**PROVIDED DATA:**

☆ ☆ ☆ ☆

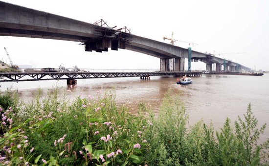 這是全線合龍的松花江大橋(8月7日攝)。近日,哈爾濱繞城公路東北段的松花江大橋全線合龍。松花江大橋是哈爾濱繞城公路的重要組成部分,該橋2005年5月開工建設(shè),全長2324.92米,總投資3.2億元,預(yù)計年內(nèi)可全部完工。該橋建成后,牡丹江等方向的車輛不必經(jīng)過哈爾濱市區(qū)就可直接開往長春等方向。
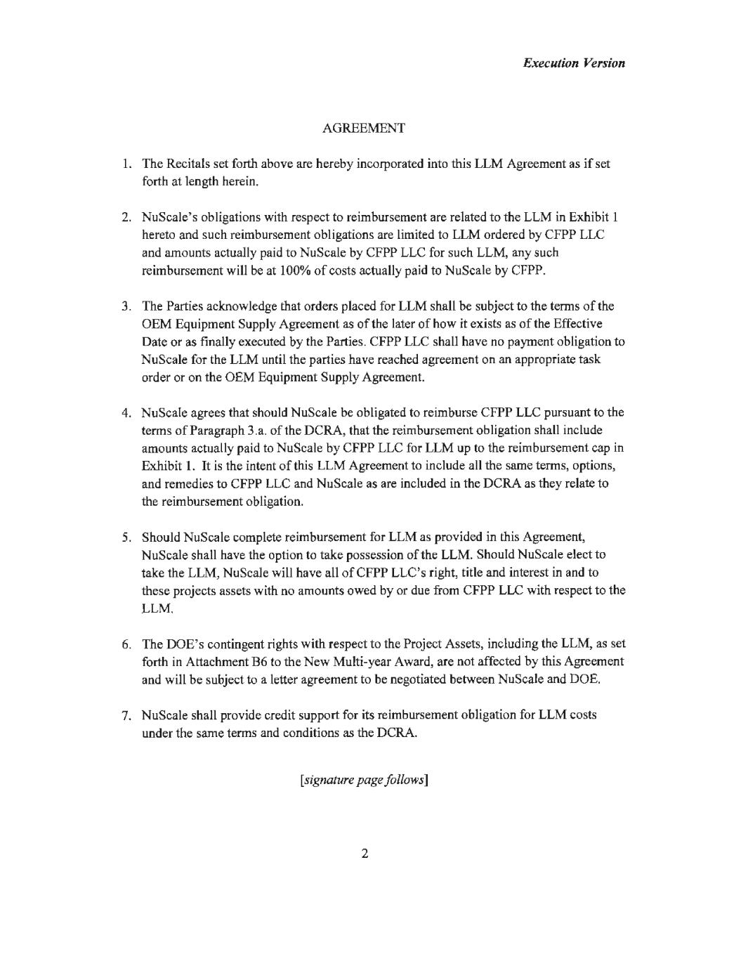 In conjunction with DOE Office of Nuclear Energy Award DE-NE0008935 with Utah Associated Municipal Power Systems’ (“UAMPS”) wholly owned subsidiary, Carbon Free Power Project, LLC (“CFPP LLC”), we entered into a DCRA, pursuant to which we are developing the NRC license application and performing other site licensing and development activities. Under the DCRA, we may be obligated to refund to UAMPS a percentage of its net development costs up to a specified cap, which varies based on the stage of project development, if certain performance criteria are not met. As of March 7, 2023, when we entered into Amendment 3 of the DCRA and the Long Lead Material Reimbursement Agreement with CFPP LLC, the maximum reimbursement based on the current stage of project development is $81,000. As of December 31, 2022 the net development costs incurred by UAMPS totaled $17,834.
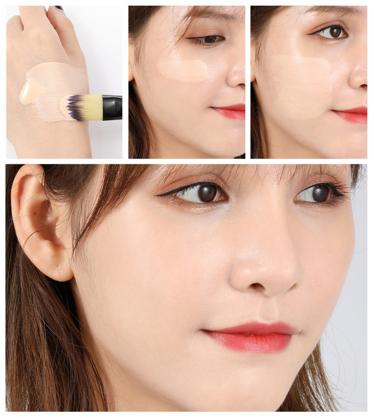 高遮瑕的粉底液可以搭配粉底刷,上脸就像抛光一样,遮盖住各种瑕疵不说,也没有常见的厚重假面感。
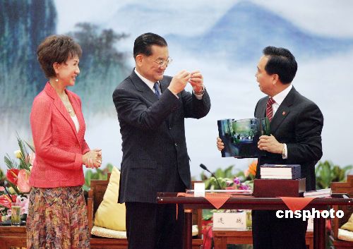 中共陜西省委書記李建國(guó)四月三十日晚在西安會(huì)見并宴請(qǐng)中國(guó)國(guó)民黨主席連戰(zhàn)和他率領(lǐng)的大陸訪問團(tuán)成員。圖為連戰(zhàn)向李建國(guó)回贈(zèng)禮物。作者:毛建軍

☆ ☆ ☆ ☆

**EXERCISE:** Would you repeat each line of the listing exactly, skipping any picture?

**THE COMPLETED TASK:**
 這是全線合龍的松花江大橋(8月7日攝)。近日,哈爾濱繞城公路東北段的松花江大橋全線合龍。松花江大橋是哈爾濱繞城公路的重要組成部分,該橋2005年5月開工建設(shè),全長2324.92米,總投資3.2億元,預(yù)計年內(nèi)可全部完工。該橋建成后,牡丹江等方向的車輛不必經(jīng)過哈爾濱市區(qū)就可直接開往長春等方向。
 In conjunction with DOE Office of Nuclear Energy Award DE-NE0008935 with Utah Associated Municipal Power Systems’ (“UAMPS”) wholly owned subsidiary, Carbon Free Power Project, LLC (“CFPP LLC”), we entered into a DCRA, pursuant to which we are developing the NRC license application and performing other site licensing and development activities. Under the DCRA, we may be obligated to refund to UAMPS a percentage of its net development costs up to a specified cap, which varies based on the stage of project development, if certain performance criteria are not met. As of March 7, 2023, when we entered into Amendment 3 of the DCRA and the Long Lead Material Reimbursement Agreement with CFPP LLC, the maximum reimbursement based on the current stage of project development is $81,000. As of December 31, 2022 the net development costs incurred by UAMPS totaled $17,834.
 高遮瑕的粉底液可以搭配粉底刷,上脸就像抛光一样,遮盖住各种瑕疵不说,也没有常见的厚重假面感。
 中共陜西省委書記李建國(guó)四月三十日晚在西安會(huì)見并宴請(qǐng)中國(guó)國(guó)民黨主席連戰(zhàn)和他率領(lǐng)的大陸訪問團(tuán)成員。圖為連戰(zhàn)向李建國(guó)回贈(zèng)禮物。作者:毛建軍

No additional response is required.